Kmart recognised that customers with disability may find it difficult to access their stores and products due to the COVID-19 restrictions. In order to support these customers, Kmart designed a dedicated phone service for people with disability and senior customers to assist them to navigate Kmart’s digital platforms, online shopping portal, and seek further support. Call operators are able to spend more time guiding customers through an issue or through navigating the shopping portal. Kmart is currently considering ways that they could support customers to go through the end to end transactional experience via the phone.

Marcelle Harrison, Diversity and Inclusion Manager, explained that Kmart are also working with AND to provide disability awareness and “situation and circumstance-based training” for all Kmart call operators.

While the phone service is a work in progress, Kmart are already receiving about 100 calls per day. Kmart will look to share this facility out to peak bodies and community organisations to let them know about the service, to collaborate, and to seek feedback – as Marcelle notes “to make sure that it’s serving its purpose for our customers and we take on learnings as we go” – before communicating the service more broadly.

“We don’t want this to be a temporary initiative; we want this to be a long-term initiative” – Marcelle Harrison, Kmart

Kmart has also piloted ‘Quiet Hour’ in 26 stores across Australia and New Zealand. For two hours a day – 2:00pm to 3:00pm; and 6:00pm to 7:00pm – these stores implement environmental changes to support customers with disability and their families. During these times overhead lighting is reduced, as is background noise like music and announcements (these are only used for emergencies during these periods), and Kmart provide signage to assist customers to navigate around areas that may cause sensory overload (e.g. candles, bikes, toys). Staff at these sites have undertaken sensory sensitivity training, and resources on how to support customers who experience sensory overload has also been communicated through the teams.
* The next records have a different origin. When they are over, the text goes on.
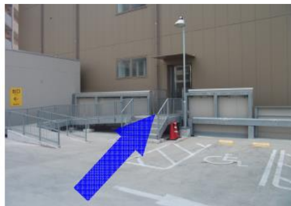
駐車場屋上入口よりお入り下さい
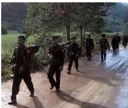
စစ်ကောင်စီ

လက်ရှိ မိုင်းရှူးမြို့ဝင် မြို့ထွက်စစ်ဆေးရေးဂိတ်များတွင် စစ်ကောင်စီတပ်သားနှင့် ရဲတို့၏ စစ်ဆေးမေးမြန်းမှုများ အရင်ကထက် ပိုမို တင်းကြပ်လာကြောင်းလည်း ဒေသခံအမျိုးသားတစ်ဦးက သျှမ်းသံတော်ဆင့်ကို ဆက်လက်ပြောဆိုထားသည်။
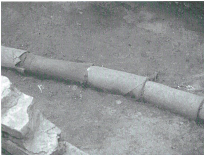
6. Conducción de agua potable en barro.

barro en el Realejo sean obligados a enviar una persona a limpiar la alberca. En otras casas e inmuebles como los cármenes y monasterios la presencia de una alberca se explica por la necesidad de almacenar agua para regar la huerta 43 .

Kmart partnered with Disability Employment Service (DES) providers and Autism support services in each state to seek feedback from the community.

Getting feedback 

A key part of implementing new practices and processes is checking that they are working for the customers and community members they are designed for. This can be done directly via a survey, or indirectly through the provision of a contact person or feedback section on your website.  
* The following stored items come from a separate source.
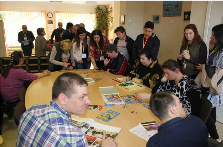
Pilsetas Domes Socialo Lietu Parvaldes
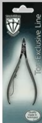
Кусачки для кожи EL 9437-10 CM
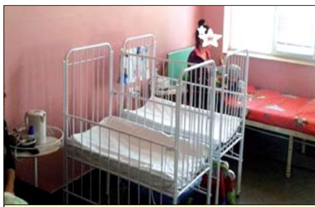
В ДО на МБАЛ Айтос

свързани със самата система в педиатрията. Една от основните мечти, която искат да осъществят, е за включването на социални работници в детските отделения. Да работят там и да помагат на родителите и децата, най-вече с тежки онкологични, генетични, неврологични и др. заболявания. Идеята е социалните работници да бъдат връзката между здравната система и това, което се случва с децата. Целта е не родителите да обикалят по болници и институции, събирайки документи, а това да правят социалните работници. И да помагат, когато има нужда от психологическа помощ.
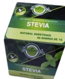
Monodosis (Azucarillos) 60 uds Monodose (Sugars) 60 units

STEVIA REBAUDIANA BERTONI ECOLÓGICA: Hoja Entera y Hoja Molida para diabéticos. Hipertensión. Antioxidante. hipertensas. Bactericida. Previene la caries. Combate ciertos hongos, como el Cándida Albicans. Diurético. Antiácido y facilita la digestión. Combate la fatiga, la ansiedad, gripes y resfriados. Cicatrizante. Bactericida

While feedback and consultation are certainly effective when changing services and processesthey are also useful for developing future plans and practices such as an Access and Inclusion Plan (AIP). Some organisations are running (virtual) internal and external consultations with people with disability, carers, allies, staff, and Not-For-Profit and peak body organisations to develop a new AIP; others are continuing to progress the AIP commitments they currently have.  

To paraphrase Majella Knobel, Director – Accessibility and Inclusion at Westpac, it is about:  

  • Asking the right questions;  
  • Learning as we go; and  
  • Allowing for opportunities to improve our service. 
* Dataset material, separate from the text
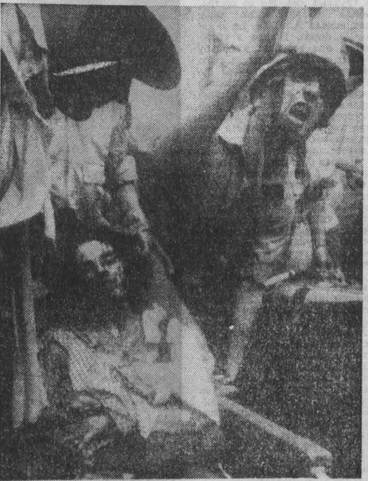
Мощный взрыв недавно потряс ливанскую столицу. Начиненный динамитом автомобиль был взорван на оживленной улице в районе Дора, расположенном в восточной части Бейрута.

Practical tips for inclusion 

  • Ensure your internal and external communications  support guides, information sheets – are developed in an accessible format. Read practical tips on accessible and inclusive communication.
  • Proactively reach out to customers who may require additional support to access online services. 
  • Check the accessibility of your website and online portals – if this is the primary way that people connect with your organisationensure that everyone is able to. 
  • Consult, collaborate, and connect – we are all in this together.